Fueled by my success, I was confident, self-assured. Once again deadlines were my ally, not my enemy. So I considered, could “babies” be far behind? Ah, The Production Schedule, achingly near to completion.

But then things changed. There were job changes, housing changes, life changes—none of which could, in my mind include a baby. After all, I wouldn’t want a completely dependent being brought into a world that wasn’t quite stable. That, I thought, would be unfair.

Ironically, this thinking has since earned me on several occasions such titles as “selfish” and “career-obsessed.” One friend who has two children remarked to another, “If she doesn’t give birth by 34, I doubt she’ll have kids at all.” And then there’s my tax man, who every April tells my husband and me we really need to have a baby or two as they are “good write-offs.”

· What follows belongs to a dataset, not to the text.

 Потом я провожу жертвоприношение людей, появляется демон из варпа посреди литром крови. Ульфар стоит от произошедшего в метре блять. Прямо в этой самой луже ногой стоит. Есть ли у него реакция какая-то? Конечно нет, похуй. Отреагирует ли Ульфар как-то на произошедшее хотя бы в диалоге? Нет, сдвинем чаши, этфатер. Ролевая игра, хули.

All of these opinions I, of course, take in stride. Advice from the well-meaning yet misinformed. I bolstered myself with the thought that I was making the right choices instead of blindly and blithely taking that final step into Mommyhood. I was going to go into this last project prepared, informed, and physically, mentally, and financially stable. On this last one, I thought judiciously, there is no real deadline. There simply can’t be.

Or so I believed.

Now, at a potentially barren 34, I begin to re-sift through these comments (except the one from the tax guy), and wonder if I have not inadvertently foiled my own biology. According to opinion leaders, the medical profession and Sylvia Ann Hewlett, I may have just missed my chance to have it all.

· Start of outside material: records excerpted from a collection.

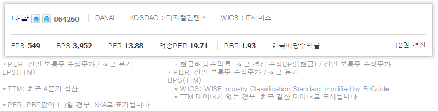 다날 (  064260 : 코스닥 ) / 네이버금융 참고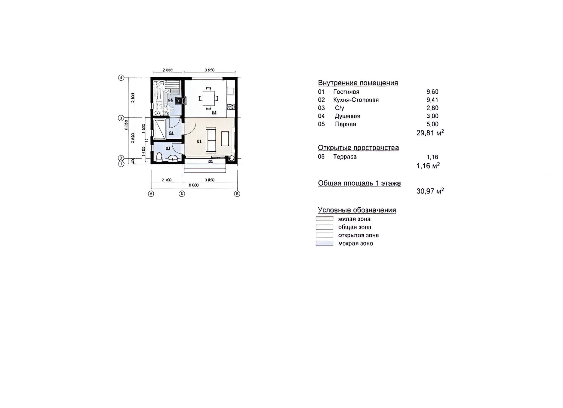 Благодаря строгим линиям фасада и натуральной деревянной отделке, баня гармонично вписывается в лесной или дачный ландшафт. Проект имеет габариты 6×6 метров и включает просторную террасу, идеальную для отдыха на свежем воздухе. Планировка площадью около 30 м² сочетает в себе всё необходимое: кухню-столовую (9.41 м²), гостиную (9.6 м²), душевую (3 м²) и полноценную парную (5 м²). Отдельная открытая зона — терраса площадью более 1 м². Баня продумана до мелочей: компактность не мешает комфорту, а функциональные зоны удобно зонированы. Проект подойдёт как для частного отдыха, так и для коммерческих задач в глэмпингах или банных комплексах. Cube 11 станет отличным выбором для одного или двух человек, ценящих уединение, стиль и практичность.
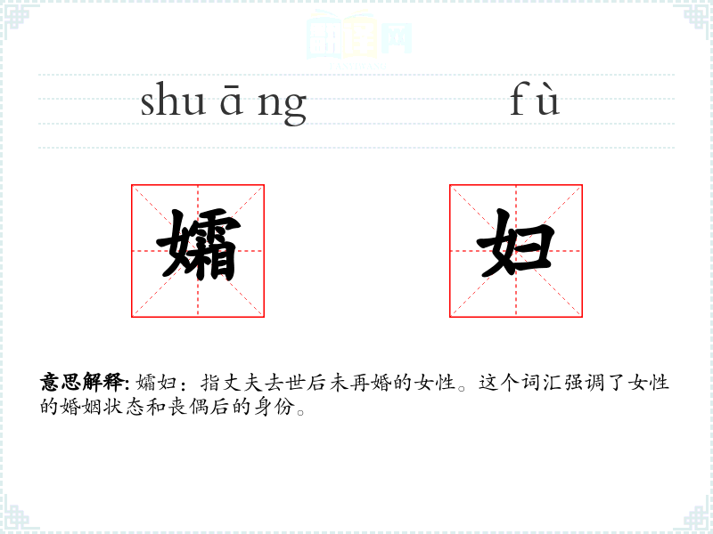 孀妇:指丈夫去世后未再婚的女性。这个词汇强调了女性的婚姻状态和丧偶后的身份。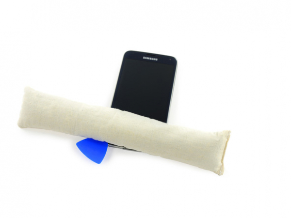 Det finns en smal remsa av lim ovanför högtalaren som säkrar toppen av telefonen. Flytta plektrumet längs toppen av högtalaren i syfte att undvika skadliga inre komponenter.

By not yet charging forth into parenthood, have I made what Hewlett refers to as “the creeping non-choice”? Have I passed my body’s own target dates without even knowing it? And why did I not really consider that a woman’s biology carries its own Production Schedule? with immovable, immutable deadlines? Oh, I realized that after 40 it’s increasingly difficult to get pregnant, but what about all those headline stories? The celebrated pop stars who have babies well into their 40s-and-fabulous decade? The woman who gave birth in her 60s? Have I been completely self-deluded or have I allowed myself to be suckered by the media? And should I know abandon a productive and personally satisfying professional life to become a slave to ovulation charts, optimum temperatures and positions, and ensuring maximum sperm counts? (Romance preferred, but not essential.)

The only word that comes to mind is “frozen.” I am frozen with indecision on “timing,” frozen with fear that I have already waited too long, and now I wonder if I should have included time on my Production Schedule to have my eggs frozen.